As a demonstrator, PartiQL adheres so closely to the idea that everything can be done with set operation that no means of discovering the order of a list is provided.

### Example of PartiQL

Benchmark 8 from the [ADL Usability Benchmarks](https://github.com/iris-hep/adl-benchmarks-index#functionality-benchmarks) provides a good example because it is typical of physics analysis work and would require many loops and constraints in a general purpose programming language:

> "For events with at least three leptons and a same-flavor opposite-sign lepton pair, find the same-flavor opposite-sign lepton pair with the mass closest to 91.2 GeV and plot the pT of the leading other lepton."

(I simplified the quantity to plot—numerical mathematics—because the structure manipulation is the focus of this work.)

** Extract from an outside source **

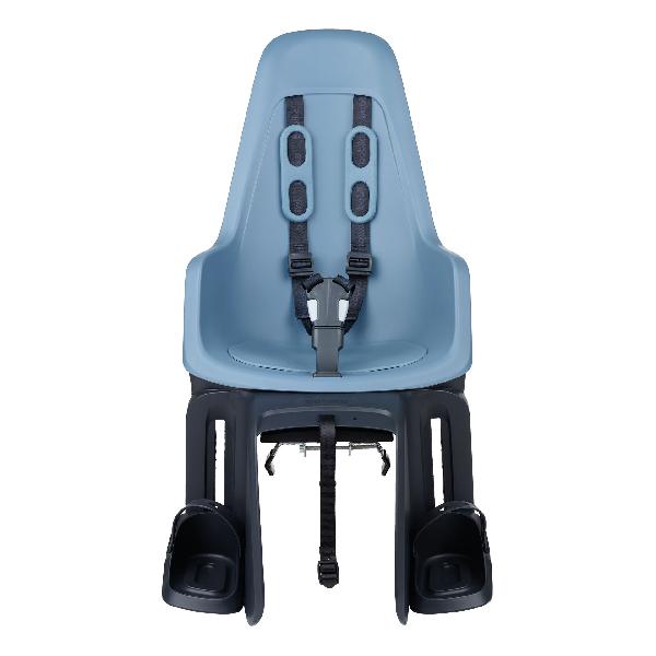 Bobike Maxi One Citadel Blue fietsstoeltje voor achterop de fiets. Het achterstoeltje heeft comfortabele schouderpads om de 3 punt gordel. Veilig en Mooi

In PartiQL, the query becomes:

```
leptons = electrons union muons

cut count(leptons) >= 3 named "three_leptons" {

    Z = electrons as (lep1, lep2) union muons as (lep1, lep2)
            where lep1.charge != lep2.charge
            min by abs(mass(lep1, lep2) - 91.2)

    third = leptons except [Z.lep1, Z.lep2] max by pt

    hist third.pt by regular(100, 0, 250) named "third_pt" titled "Leading other lepton pT"
}
```

We can freely form unions of electron and muon collections because they retain their identities, even when mixed. Pairs `(lep1, lep2)` must be drawn from either the `electrons` or the `muons` (not `leptons`) because we must ensure that `lep1` and `lep2` have the same flavor as each other, but then we can take their union because we don't care what that joint flavor is. The `(lep1, lep2, ...)` syntax performs a self-join without replacement; `electrons as lep1 cross electrons as lep2` would perform a self-join with replacement. The meaning of the `where` and `min by` clauses should be obvious.

Since `Z.lep1` and `Z.lep2` retain their identity and were derived from the same collections as `leptons`, we can perform an `except` (set difference) operation to get the non-Z leptons. The `hist` keyword makes a histogram in the `cut` block that can be retrieved as

```python
histograms["three_leptons/third_pt"]
```

The other notebooks in this directory go into detail about the design and implementation of PartiQL, and are executable so that you can experiment with it.